Me hundí en la marea de los paseantes. Pequeños burgueses, ejecutivos, funcionarios, inmigrantes, parados, jóvenes, viejos… Desde las cinco, todo Marsella deambulaba por esta calle. Todo el mundo se rozaba con naturalidad, sin agresividad. Marsella estaba ahí en su verdad. Sólo en los extremos de la calle renacían las diferencias. La Cannebière, frontera implícita entre el norte y el sur de la ciudad. Y la place Félix-Baret, a dos pasos de la jefatura, donde siempre estaba aparcada una furgoneta antidisturbios. En el puesto avanzado de los barrios burgueses. Detrás, los bares, uno de ellos el bar Pierre, son desde hace un siglo el lugar de cita más abierto del centro de la ciudad, de la dorada juventud.
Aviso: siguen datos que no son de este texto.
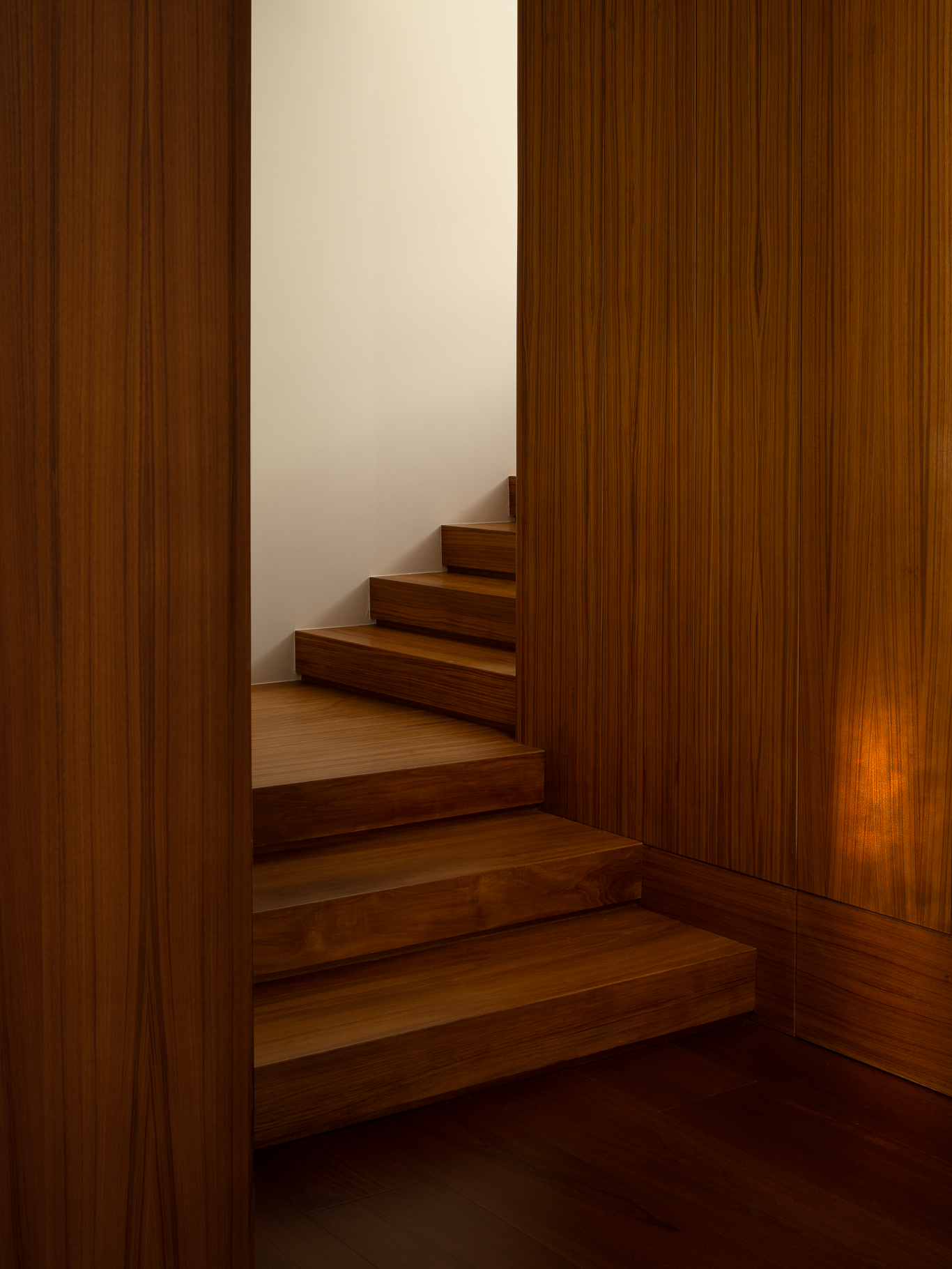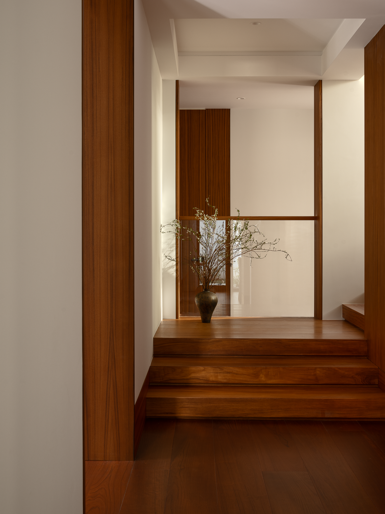 当设计突破审美的惯性表达,便会捕捉到更为韵美的情感体验。楼梯沿着建筑体攀升,秉承木之脉络体系,逐层共和自然底蕴,在每一处转角开启精神世界的序引,展现更加闲适从容的空间过渡。

Bajo la mirada de los antidisturbios, la sensación siempre de una ciudad en estado de guerra. Sobrepasados estos límites, miradas enemigas, y miedo u odio en función de si uno se llama Paul o Ahmed. El delito de ir con cara de hijo puta es aquí ley natural.
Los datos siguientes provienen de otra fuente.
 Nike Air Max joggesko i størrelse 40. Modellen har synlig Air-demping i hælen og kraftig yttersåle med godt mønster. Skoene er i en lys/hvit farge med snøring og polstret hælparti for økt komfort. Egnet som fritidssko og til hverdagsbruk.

Caminé sin rumbo, sin ni siquiera entretenerme en los escaparates. Ordenando mis pensamientos. Desde la muerte de Manu a la de Ugo, el hilo de los acontecimientos se devanaba. Aun no entendiendo nada, podía ordenarlos. Por el momento eso me satisfacía. Las adolescentes que deambulaban por ahí me parecían más guapas que las de mi época. En sus caras se leía el cruce migratorio. Su historia. Caminaban seguras, y orgullosas de su belleza. De las marsellesas habían adoptado el mismo caminar lánguido y esa mirada, casi descarada, si tus ojos se detenían a contemplarlas. No sé quién dijo un día que eran imitantes, pero me parecía exacto. Envidiaba a los chicos de hoy.
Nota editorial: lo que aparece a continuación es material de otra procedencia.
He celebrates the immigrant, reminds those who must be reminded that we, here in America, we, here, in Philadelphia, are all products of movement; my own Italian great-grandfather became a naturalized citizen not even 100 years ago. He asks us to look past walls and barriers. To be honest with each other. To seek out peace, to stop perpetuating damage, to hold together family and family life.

En la rue Vacon, en lugar de continuar por el muelle Riveneuve hasta el embarcadero del ferry, tiré por la izquierda. Para bajar al parking subterráneo del cours Estienne d’Orves. Me encendí un cigarro y esperé. La primera persona que apareció fue una mujer de unos treinta años. Traje de chaqueta salmón, de lino. Rechonchilla. Muy maquillada. Al verme, se echó un poco hacia atrás. Apretó el bolso y se alejó rápido en busca de su coche. Cuando me acabé el cigarro, volví a subir.

Sentado en la banqueta, Batisti se secaba la frente con un gran pañuelo blanco. Parecía un jubiladote de la marina. Un entrañable viejo marsellés. Con camiseta blanca siempre por encima del pantalón de lona azul, zapatillas y gorra de marino encajada en la cabeza. Batisti veía cómo se alejaba el muelle. Los dos macarroni no sabían qué hacer. Aunque cogieran un taxi, cosa que sería un milagro, llegarían demasiado tarde al otro lado del puerto. Nos habían perdido de vista. De momento.

Me apoyé en una ventana. Sin hacer ni caso a Batisti. Quería que se fuera marinando en su propio jugo. Lo que durara la travesía. Me gustaba mucho esta travesía. Contemplando el paso entre los dos fuertes, Saint-Nicolas y Saint-Jean, que custodian la entrada de Marsella y miran hacia alta mar y no hacia La Cannebière. Adrede. Marsella, puerta de Oriente. Lo otro. La aventura, el sueño. A los marselleses no les gustan los viajes. Todo el mundo los cree marineros, aventureros, Que su padre o su abuelo han dado la vuelta al mundo, por lo menos una vez. Como mucho, habían llegado hasta Niolon. O al Cap Croisette. En las familias burguesas el mar estaba prohibido para los niños. El puerto propiciaba los negocios, pero el mar estaba sucio. Por ahí es por donde venía el vicio. Y la peste. Desde que empezaba a hacer bueno, la gente se iba al campo. A Aix y sus tierras, sus masías y sus bastidas. El mar se lo dejaban a los pobres.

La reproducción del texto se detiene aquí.